According to the reaction system, such problem as handleability of the catalyst and waste material can be solved, but there are many reactions to which the system can not be applied. For example, there were such instances that temperature control was troublesome in reactions accompanied with absorption or generation of heat, and that uneven liquid-gas distribution in a reactor sometimes resulted in an insufficient reaction percentage or many side reactions caused by local concentration gradient.

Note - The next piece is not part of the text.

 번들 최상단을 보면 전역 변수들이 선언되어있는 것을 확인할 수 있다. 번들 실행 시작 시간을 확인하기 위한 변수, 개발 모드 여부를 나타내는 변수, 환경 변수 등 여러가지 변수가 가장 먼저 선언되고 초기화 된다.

In tertiary amination reaction, when trying to obtain reaction product at a high reaction percentage using the molded catalyst described in JP-A 6-211754, no small amount of undesirable side products are generated. As the side product, in addition to wax or an aldol condensate generated caused by a side reaction of alcohol as the raw material, there can be mentioned ammonia generated due to disproportionation of primary or secondary amine and tertiary amine as side product from primary or secondary amine. Various improvements have been carried out for practicing the technique highly selectively while suppressing these side products.

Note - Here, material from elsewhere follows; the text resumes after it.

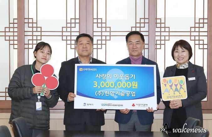 어웨이크뉴스 오경하 기자 | 평택시 서탄면에 있는 ㈜한양기술공업은 관내 취약계층 지원을 위한 성금 300만 원을 평택시청 대외협력실에서 평택행복나눔본부에 전달했다.
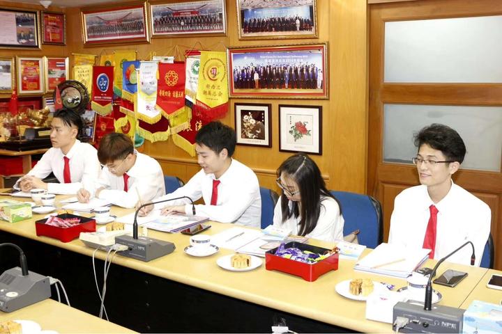 李桂雄会长首先代表泰国华人青年商会全体同仁对林栩会长和中国留学生代表团的来访表示热烈的欢迎,随后,李会长与留学生们讲述了许多华人在泰发展的一幕幕故事,以及青商会的发展历程。李会长结合自己38年前来泰时与现在的对比,感慨的说,对于30多年前来泰的新华侨新移民来说,身在异国他乡,生活工作都十分不易。但众人拾柴火焰高,当时我们满腔热血,就想着把中国改革开放后旅居泰国的新华侨新移民们团结起来,让大家抱团取暖,青商会的会徽就是一个蜜蜂蜂巢的标志,象征着我们新侨们要团结和勤奋,我们的初衷就是要把青商会打造成“新华侨之家,新移民之路”。19年来,我们秉承中华民族的优良传统,和刻苦耐劳、拼搏创业的精神,紧跟祖国发展,认真向老一辈华侨华人学习,积极参与祖国与家乡的经济建设,为泰中两国企业对接、合作牵线搭桥,为泰华社团培养了众多优秀的侨社接班人。现在商会的主体都成了泰华社会各行业的精英,架设了中国各省市与泰国沟通、合作的桥梁,在促进经济繁荣、社会进步、商贸交流、文教合作、公益慈善,特别是在促进两国企业合作,保护新侨在泰经商的合法权益,推动泰华社会的和谐、团结与发展等方面,做出了积极的努力。

In JP-A 2003-176255 a reactor in which a catalyst metal is adhered on the surface of monolith is disclosed. In the reactor, such advantage is noted that, in a hydrogenation reaction between a gas and liquid, material transfer is accelerated compared with a fixed-bed packed reactor of a conventional type, because the pressure drop of the reactor is small and the velocity of the gas and liquid can be made large. However, although a reaction of a compound containing a nitrogen atom is intended, only such instance is expressed clearly as a reaction according to a simple mechanism such as hydrogenation. Examples disclosed in addition to this aims to limited applications such as, mainly, hydrogenation reaction.

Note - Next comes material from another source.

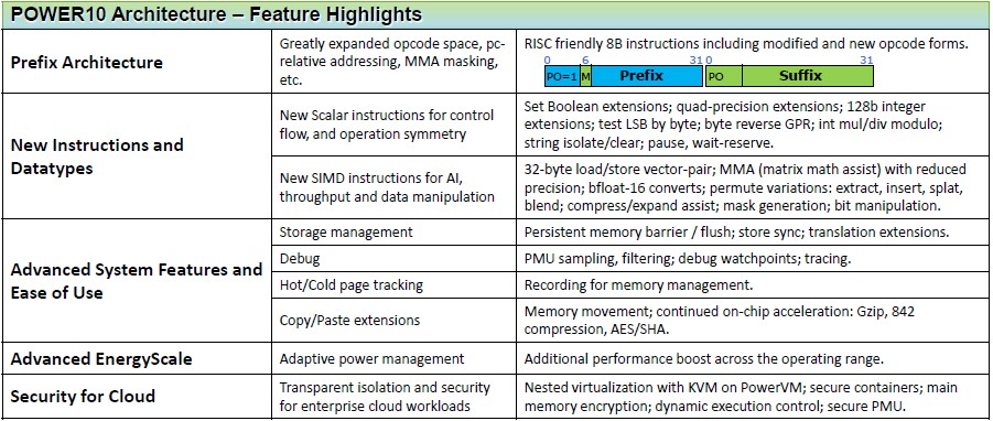 The Power10 core adheres to the new Power instruction set version 3.1, which was open sourced under the OpenPower Foundation last August. The Power10 core has over 200 new instructions that have been added, according to Thompto, and these are aimed at making the microarchitecture more efficient at certain functions as well as adding new functions. Here is a breakdown of the important new instructions and data formats supported in the Power10 core:

JP-A 2004-526032 discloses a gas-liquid reaction method having a process of running and transferring a gas-liquid feed flow in a monolithic structure catalyst bed, wherein the liquid in the feed fluid is run and transferred through the reaction path at a running liquid superficial velocity in a range of 0.01-10 cm/s, and the gas is run and transferred at a gas:liquid volume ratio G:L in a range of gas of 1-4000 gas standard state liter/liquid liter. In the document, there is described that, compared with various research results reported in conventional documents in which a reactor is operated, generally, at a comparatively high liquid superficial velocity (e.g., 30 cm/s) and a comparatively small gas/liquid ratio (e.g., 0.5 V/V) in order to maintain so-called Taylor flow conditions in a honeycomb passage, the method can easily achieve one pass inversion percentage of more than 50% on an industrial scale whether or not the Taylor flow is maintained. However, the conditions in the case where a reaction system is not specified is only means for trying to gain staying time in a catalyst bed for the purpose of attaining a design suitable for use in a single-pass reactor system. In AIChE Journal, 36, 746 (1990) cited in JP-A 2004-526032, there is already disclosed such experimental conditions as, in hydrogenation reaction of thiophene/cyclohexane with a CoMo/alumina monolithic catalyst, a liquid superficial velocity of 3.5 cm/s or less (the average of gas-liquid superficial velocity is 3.5 cm/s or less) and a gas-liquid ratio of 15 standard state litter/liquid litter or more (a gas feed rate of 3 standard state litter/h or more, a liquid feed rate of 200 mL/h or less). Further, in Ind. Eng. Chem. Fundam., 23, 82 (1984) such experimental conditions are adopted as a liquid superficial velocity of around 1.2 cm/s and gas/liquid ratio of around 3 V/V in hydrogenation reaction of nitrobenzoic acid with a monolithic palladium catalyst.